The difference in the absolute distance of the measured centroid of contact between the overlap method and silicon rubber casting technique is listed as Delta X/Y, respectively in Table 2. To calculate delta, the average contact centroid location from the twelve independent matches was subtracted from the silicon rubber gold standard centroid location and the absolute value was taken. In general, for both X & Y directions, the average offset of the overlap method to the gold standard was at most 0.30mm, which is on the order of the accuracy of the digitizing equipment. The repeatability of measuring the contact centroid in the virtual environment was defined as the standard error of the twelve independent pose match centroid calculations and listed as SD X/Y Fluoro, respectively in Table 2. On average, for both X & Y directions, the standard error of repeating the placement of the centroid of contact with the overlap method on the glenoid surface was approximately 0.1mm. This was on the order of the accuracy previously reported45 for our method of reproducing invivo joint positions in a virtual environment. Therefore, this non-invasive fluoroscopic imaging technique can be confidently applied to determine the in-vivo glenohumeral articular contact locations in patients after TSA.

Table 2 Delta X and Delta Y, respectively are the difference between the calculated centroid of contact and the measured centroid using the silicon rubber technique. SD Fluoro X and SD Fluoro Y, respectively are the repeatability of locating the centroid when independently matching the glenoid and humeral components within the virtual fluoroscopic imaging system.
Table 2 Delta X and Delta Y, respectively are the difference between the calculated centroid
of contact and the measured centroid using the silicon rubber technique. SD Fluoro X and SD
Fluoro Y, respectively are the repeatability of locating the centroid when independently
matching the glenoid and humeral components within the virtual fluoroscopic imaging system.

Chapter 3
3.1 In-Vivo Shoulder Kinematics: Application of Technique
The dual plane fluoroscopic imaging system (DFIS) has been shown to be both accurate and repeatable in the measurement of the centroid of contact of the glenohumeral joint. The non-invasive image matching technique, thus easily lends itself to studying the kinematics of the shoulder joint in the living body. Low radiation dosage from fluoroscopic imaging is the only risk that the patient encounters during the study, which has been determined to be low on the benefit-to-risk assessment performed by the Institutional Review Board (IRB) at the Massachusetts General Hospital (MGH). A cohort of 13 patients following TSA surgery was recruited for study under IRB approval. Each patient was fluoroscopically imaged with the shoulder joint in various positions representing functional shoulder motion. A virtual DFIS was recreated for each patient and the kinematics recorded during fluoroscopic imaging recreated in the virtual environment with CAD models of the joint components. Contact centroid analysis was performed and locations recorded relative to a coordinate system placed at the center of the glenoid component. The location of the center of the humeral head was measured with respect to the center of the glenoid component to investigate the coupling of the translation of the humeral head to the contact measured on the glenoid surface. These data provide a basis which to compare other surgeons results and compare against normal contact locations in healthy individuals. The measurements may help to improve implant designs and surgical implantation technique; and ultimately to enhance component longevity and increase patients ROM and functionality after TSA.
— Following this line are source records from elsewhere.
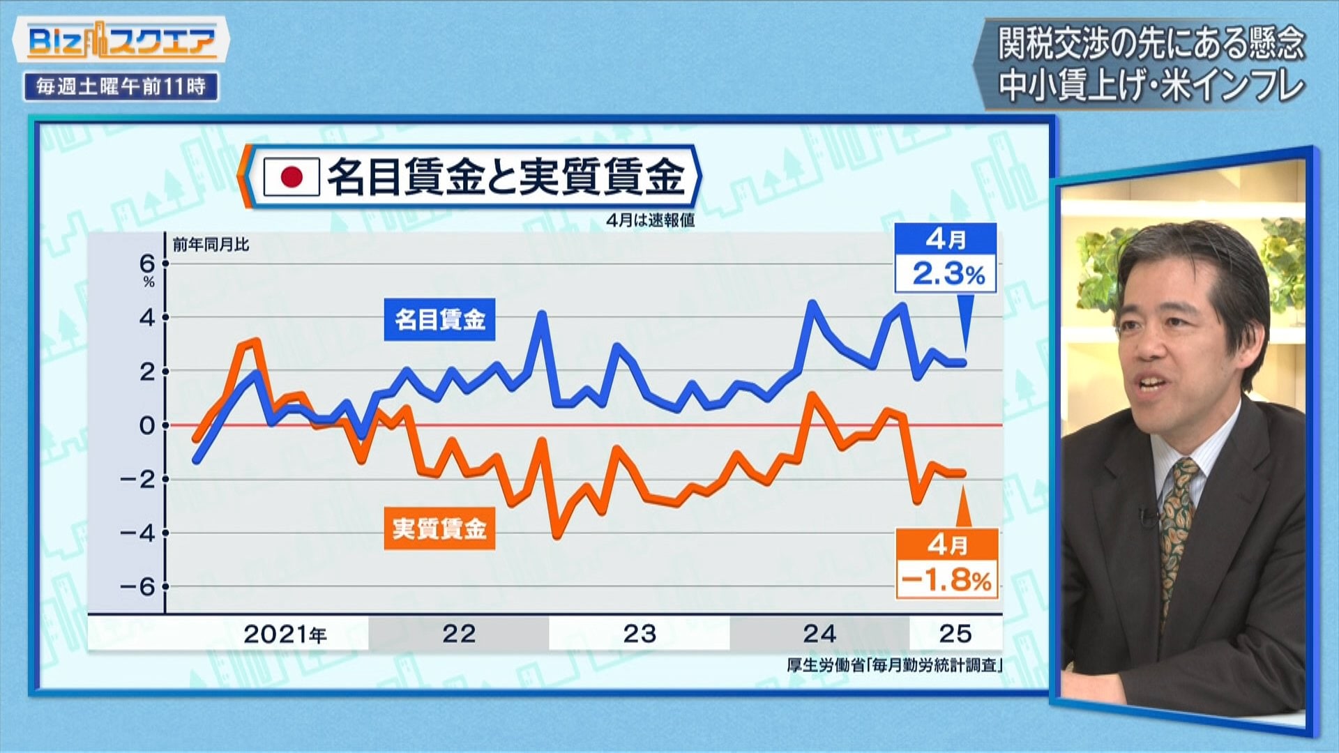 「賃金は上がっているが物価が上がりすぎている。日銀は2%と言っているが、実質賃金を計算する前提となる物価は4%。これはちょっとあり得ない。日銀が物価を安定させるという使命を果たし<利上げで円高>にすればいいのだが、トランプ関税がある今、利上げをすると企業収益自体がポキッと腰折れしてしまう。企業収益を重視するのか、利上げして物価安定に舵を切るのか。日銀はジレンマに苦しんでいると思う」
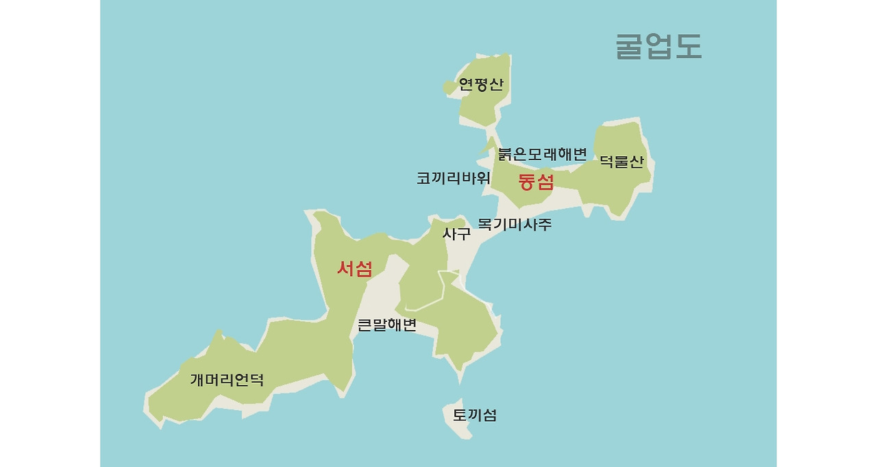 곶의 형태를 한 동 섬의 양 끝에는 덕물산(138m)과 연평산(128m)이 솟아있다. 그 사이에 쑥 들어와 있는 해식애와 함께 있는 붉은 모래 해변이 아름답다. 파식과 퇴적 활동을 이렇게 적나라하게 보여주는 곳이 있을까. 시간이 지날수록 절벽과 해변은 뒤로 더 물러날 앉을 것이다. 붉은 해변 뒤로는 둥근 습지가 남아있다. 습지 옆에는 마을에서 사용하는 우물이 있었다고 한다.
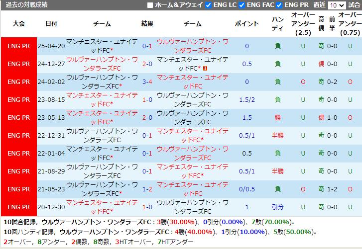 試合予想:マンチェスター・ユナイテッド -0.75
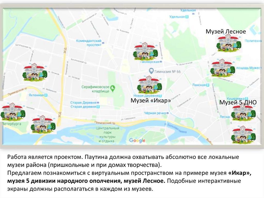 экраны должны располагаться в каждом из музеев.
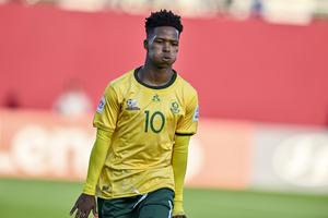 (251104) -- DOHA, 4 noviembre, 2025 (Xinhua) -- Imagen del 3 de noviembre de 2025 de Emile Witbooi, de Sudáfrica, festejando tras marcar la primera anotación durante el partido del Grupo A de la Copa Mundial Sub-17 de la FIFA Qatar 2025 entre Sudáfrica y Bolivia, en Doha, Qatar. (Xinhua/Nikku) (oa) (ah) (ce)
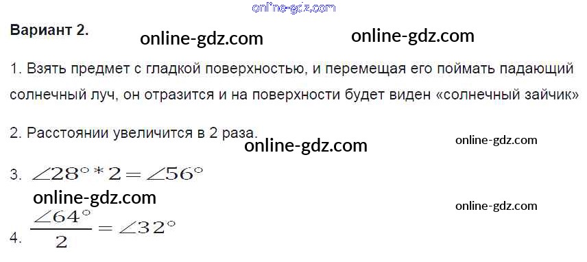 Готовые домашние задания по Физике за 8 класс Контрольные и самостоятельные работы Громцева УМК 2017 - СР №46. Отражение света. Законы отражения. Плоское зеркало Самостоятельные работы вариант-2
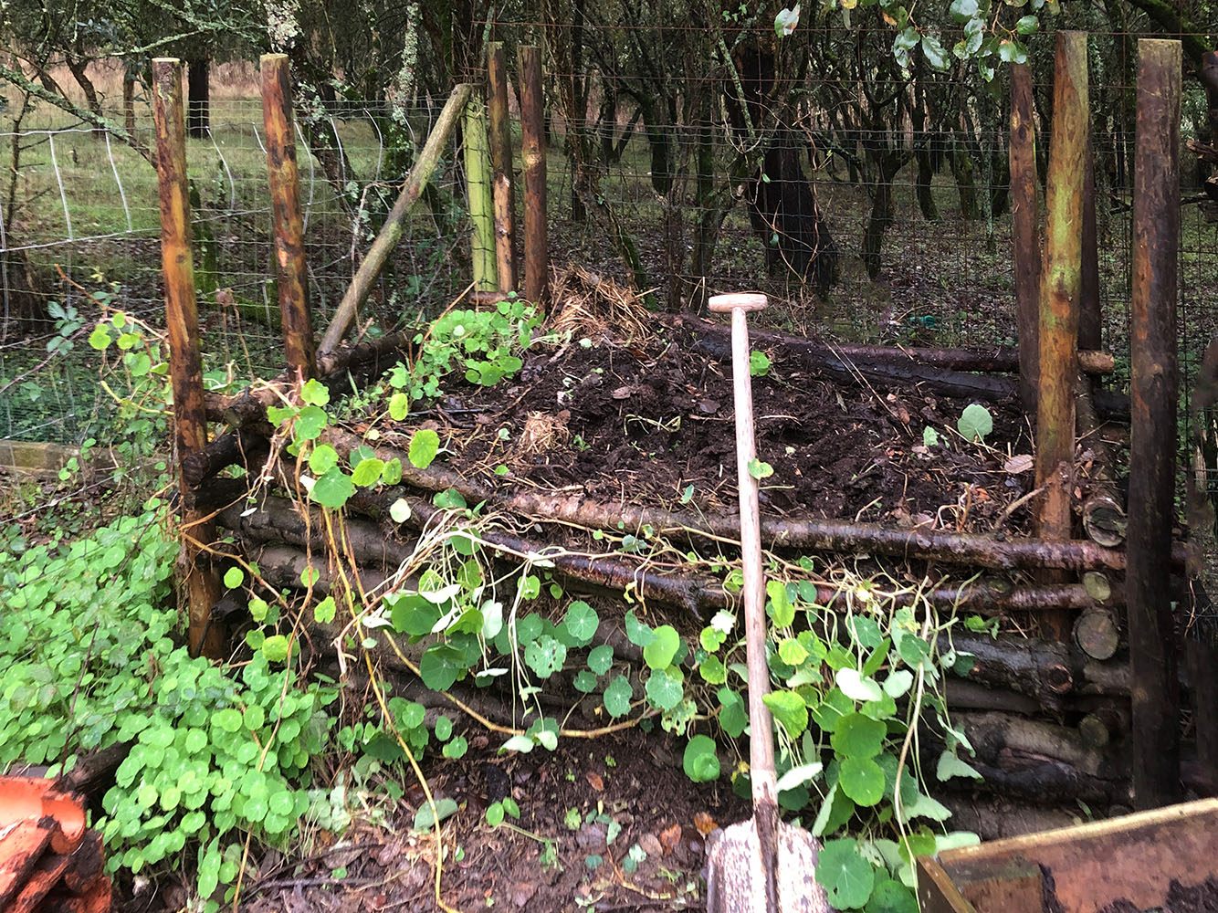 Twee jaar geleden hebben we met Matthew deze composthoop gemaakt. Lekker volgegooid met van alles uit de tuin en stro na de verschoning van de stal. Het staat nu zo’n neen maanden stil toen we met Kees een nieuwe hebben gemaakt. Nu kan hij weer leeg gemaakt worden. Dat doen we door scheppen van de composthoop te zeven op centimetergaas, alles wat achterblijft gaat op de volgende hoop en wat erdoorheen komt is mooie zwarte aarde. Ideaal voor op de moestuin. We zijn op de helft van het leeghalen, en het heeft al gauw vijftien zakken zwarte grond opgeleverd.

3.2 Total Shoulder Arthroplasty - Study Design
A total of 13 patients who underwent anatomic TSA (Anatomical Shoulder; Zimmer, Warsaw, IN, USA) from 1999-2005 were recruited from the practice of the same orthopaedic surgeon. This study was approved by the institutional review board at our institution and informed consent was obtained from all patients before participating. There were eight men and five women with an average age of 61 years (range: 37-72 years) at the time of surgery. All patients had clinically successful outcomes and were imaged for this biomechanics study at least 12 months (average: 32 months, range: 12-88 months) after the date of implantation. At the time of study, all patients were without pain and had a complete range of shoulder motion. One man had bilateral total shoulders. In total there were nine left shoulders and five right shoulders imaged (14 total). One female patient with a right TSA was not able to be analyzed due to motion artifact captured during the image acquisition process. The remaining eight men and four women with nine left and four right TSA (13 total) were investigated in this study.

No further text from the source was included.